= Task prompt =
Once you find the line with "83 x 53.5 cm" in the listing below, set down exactly every line from it through the line with "것인지 확인할 수 없음.", but no pictures.

── Records ──

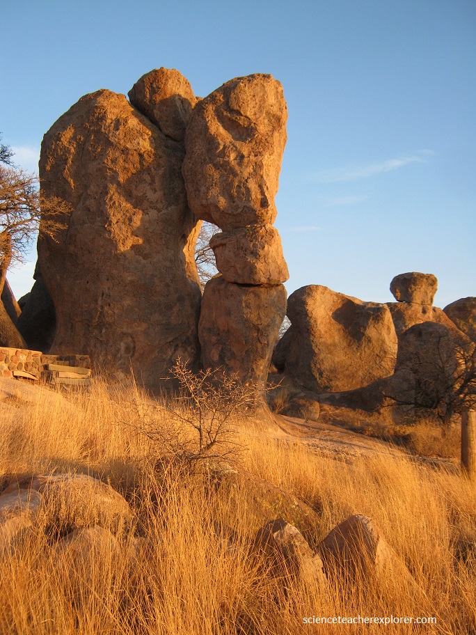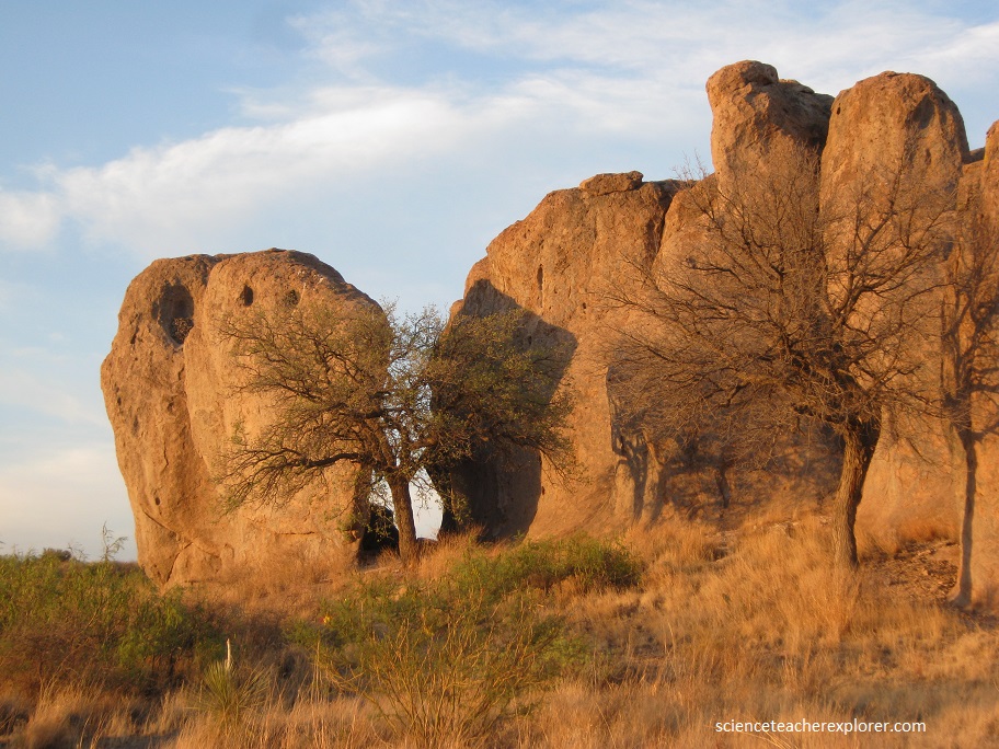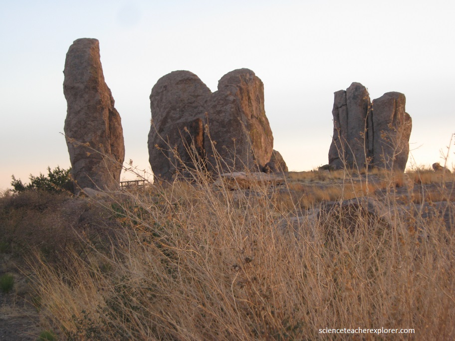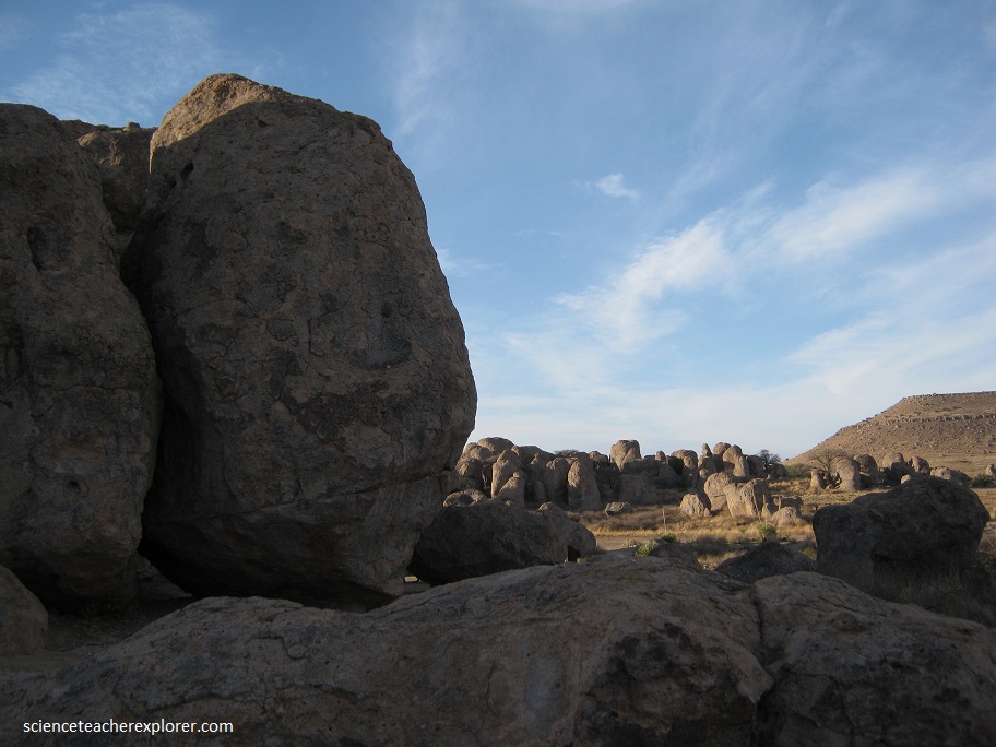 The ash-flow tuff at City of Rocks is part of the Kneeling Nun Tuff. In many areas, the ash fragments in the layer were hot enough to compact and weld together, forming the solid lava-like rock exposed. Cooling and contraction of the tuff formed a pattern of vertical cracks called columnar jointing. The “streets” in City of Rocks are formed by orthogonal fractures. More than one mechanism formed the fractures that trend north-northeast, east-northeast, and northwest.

───
── Records ──

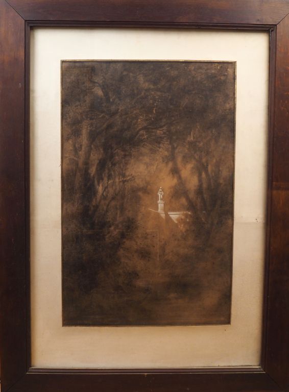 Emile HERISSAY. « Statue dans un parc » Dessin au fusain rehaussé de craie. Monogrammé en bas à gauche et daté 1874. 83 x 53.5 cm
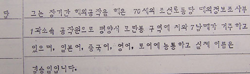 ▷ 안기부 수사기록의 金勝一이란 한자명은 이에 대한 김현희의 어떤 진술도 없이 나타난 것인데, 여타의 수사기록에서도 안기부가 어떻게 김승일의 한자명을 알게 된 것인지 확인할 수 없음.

───
── Records ──

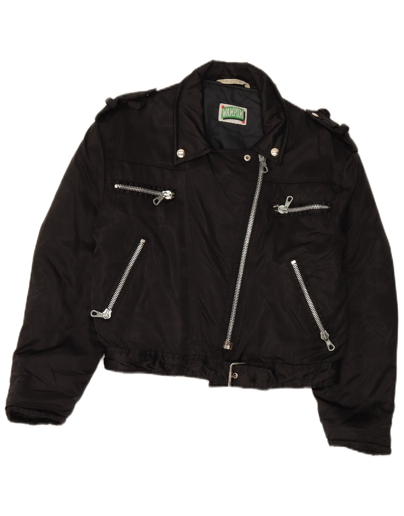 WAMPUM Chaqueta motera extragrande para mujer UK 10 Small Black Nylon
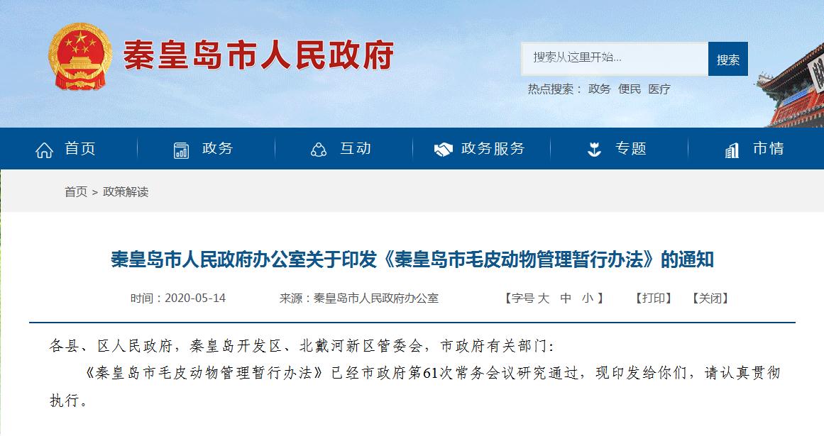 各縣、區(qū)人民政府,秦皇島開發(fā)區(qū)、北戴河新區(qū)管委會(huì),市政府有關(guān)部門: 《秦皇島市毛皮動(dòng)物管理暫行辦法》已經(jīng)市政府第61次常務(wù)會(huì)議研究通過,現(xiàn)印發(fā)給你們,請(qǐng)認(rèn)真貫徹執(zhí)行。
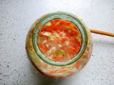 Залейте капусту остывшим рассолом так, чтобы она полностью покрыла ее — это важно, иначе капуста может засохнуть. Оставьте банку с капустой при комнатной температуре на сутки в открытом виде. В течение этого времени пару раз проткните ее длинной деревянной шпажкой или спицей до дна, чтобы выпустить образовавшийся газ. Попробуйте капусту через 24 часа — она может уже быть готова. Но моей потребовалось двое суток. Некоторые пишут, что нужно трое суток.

───

= Task answer =
 Emile HERISSAY. « Statue dans un parc » Dessin au fusain rehaussé de craie. Monogrammé en bas à gauche et daté 1874. 83 x 53.5 cm
 ▷ 안기부 수사기록의 金勝一이란 한자명은 이에 대한 김현희의 어떤 진술도 없이 나타난 것인데, 여타의 수사기록에서도 안기부가 어떻게 김승일의 한자명을 알게 된 것인지 확인할 수 없음.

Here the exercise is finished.